Community college in Nova Scotia, Canada

Collège de l'Acadie was a Francophone post-secondary community college in the Canadian provinces of Nova Scotia and Prince Edward Island with headquarters in the community of Tusket. Its Nova Scotia operations are now part of Université Sainte-Anne while its operations in Prince Edward Island were renamed Collège Acadie Île-du-Prince-Édouard and later Collège de l'Île.

==History==
Collège de l'Acadie was founded in August 1988 in the Canadian province of Nova Scotia as the Francophone community college for that province. It subsequently expanded to Prince Edward Island in the 1990s under a joint-funding agreement between the two provincial governments. In 2003, the Nova Scotia operations of Collège de l'Acadie were merged with Université Sainte-Anne. The PEI operations became Collège de l'Île.

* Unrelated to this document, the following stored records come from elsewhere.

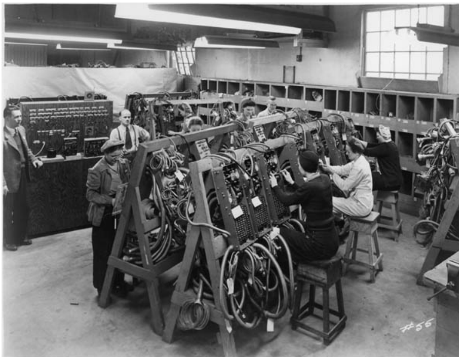
Women wiring the main distribution panels for airplanes, Canadian Car and Foundry Co. 1945, Fort William (Ont.)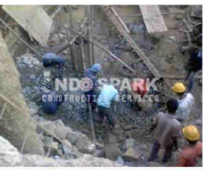
Pile Breaking at Mumbai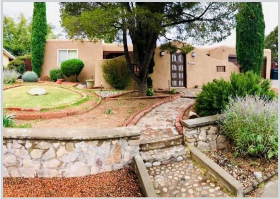
Listing Comp 2 3609 Alaska Pl Ne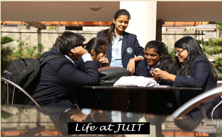
Life at JUIT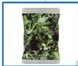
Trueharvest One Cut Truemix 980-6667 | 4/1.5 lb

Its main campus and administration were headquartered in Tusket with satellite campuses in Francophone regions throughout Nova Scotia and Prince Edward Island until its merger with Sainte-Anne.

==Campuses==
- Nova Scotia campuses
- Tusket, Yarmouth County
- Meteghan River, Digby County
- Pomquet, Antigonish County
- Dartmouth, Halifax County
- Petit-de-Grat, Richmond County
- Saint-Joseph-du-Moine, Inverness County

- Prince Edward Island campuses
- Wellington, Prince County
- Charlottetown, Queens County
- Deblois, Prince County
- North Rustico, Queens County
- Souris, Kings County

==2003–2008 restructuring==
In 2003 the Nova Scotia operations of Collège de l'Acadie were merged into the Université Sainte-Anne which is headquartered at Pointe-de-l'Église, however, the Prince Edward Island operations continued under the name Collège Acadie Île-du-Prince-Édouard. On June 23, 2008 the college was granted official status by the Legislative Assembly of Prince Edward Island.

==Programs==
The college offered technical and professional programs and all campuses are equipped with distance education systems such as audiographic conference systems and videoconference systems, as well as access to the Internet.